Andy Murray vs Nick Kyrgios match report: Murray defeats home favourite to reach Australian Open 2015 semi-finals

Murray cruised past Kyrgios 6-3, 7-6, 6-3 to book his place in the last four

Click to follow
The Independent Online

At the age of 27 Andy Murray could hardly be described as a wise old head but the Scot gave Nick Kyrgios a master-class here today to book his place in the semi-finals of the Australian Open.

Kyrgios, who at 19 was attempting to become the youngest Australian in the Open era to reach the last four of his home Grand Slam tournament, was beaten 6-3, 7-6, 6-3 as Murray out-thought and outplayed the home hero.
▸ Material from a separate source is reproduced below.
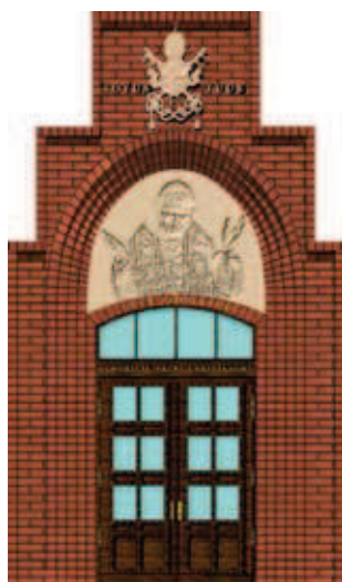
Rys. 4. Portal zaprojektowanej kaplicy (rys. autor)

He is through to the semi-finals here for the fifth time.

On Thursday Murray will take on Tomas Berdych and his new coach, Dani Vallverdu, a close friend of the Scot’s and a member of his entourage until last month. Vallverdu helped to mastermind Berdych’s stunning victory yesterday over Rafael Nadal, who had beaten the Czech in their previous 17 matches.

 

“It will be a tough match,” Murray said as he looked ahead to the semi-final. “He’s a big, big hitter of the ball. He has played extremely well so far this tournament.  I don’t think he’s dropped a set. It’s going to be very tricky.”

Kyrgios has been one of the big headline-makers here, whether he has been beating higher ranked opponents or accumulating code violations and fines for racket abuse or foul language. Another fine for bad language is looming after this match.

The world No 53 has a big serve and thumping ground strokes and loves to play his matches at breakneck speed. Murray, however, denied him the power he likes to feed off with clever variations of pace and spin and disrupted the Australian’s rhythm by taking his time between points.

Andy-Murray.jpg
Murray celebrates the victory over Kyrgios in the Australian Open quarter-finals

On the Australian’s serve Murray slowed him down by regularly taking his towel and walking slowly along the baseline. There was even a suspicion that he might have made one or two challenges with the intention of buying time.

After a cool and overcast day it was a chilly 15C as the men entered Rod Laver Arena, but the local crowd immediately tried to raise the temperature with their support for Kyrgios, who was making his first appearance on the main show court.

Murray, who in contrast is an experienced performer on this stage, quickly set about subduing the home crowd. Kyrgios failed to return 14 of Murray’s first 20 serves, while the Scot was soon putting pressure on the Australian. Two missed forehands gave Murray the first break of serve in the sixth game and he served out for the opening set.

Nick-Kyrgios.jpg
Nick Kyrgios appeals a point during his quarter-final defeat to Murray

A stiff breeze made life difficult for both players but Kyrgios picked up his game in the second set. Murray, however, was rarely in trouble on his own serve. Having won his last 18 service points of the set, the Scot won the tie-break 7-5 with a superb winning backhand lob.

In the third set Kyrgios appeared to be suffering with a recurrence of the back trouble which has dogged him of late and Murray broke to lead 4-2. Kyrgios, nevertheless, immediately forced his first break points of the evening and broke back to 4-3, only for Murray to break again after playing some exquisite forehand passing shots.

In the next game a forehand cross-court winner took Murray to match point, which he converted with a forehand winner after two hours and five minutes.

“It was a tricky match,” Murray said afterwards. “It was pretty windy and the conditions were tough for both of us. I tried to start as quickly as possible because I know how dangerous Nick is. I’ve seen his matches and followed him for the last 18 months or so and know exactly what he’s capable of so I wasn’t going to underestimate him at all.”

Kim-Sears.jpg
Kim Sears watches on as her fiancé Andy Murray takes on Nick Kyrgios

Murray added: “He’s a huge hitter of the ball so I tried to keep it out of his strike zone as much as possible, but it was also very windy, so if you can use the slice and keep the ball, it is difficult to control. I played a slightly different style tonight and thankfully it worked.”

The Scot was asked about Kyrgios’ future. “I think the first thing to say is try not to put too much pressure on him,” he said. “I also think that he needs to be allowed to mature and develop. He’s going to make some mistakes, obviously. He’s young and growing up in the spotlight isn’t easy. He’s doing a great job so far and he’s going to continue to learn and keep getting better.”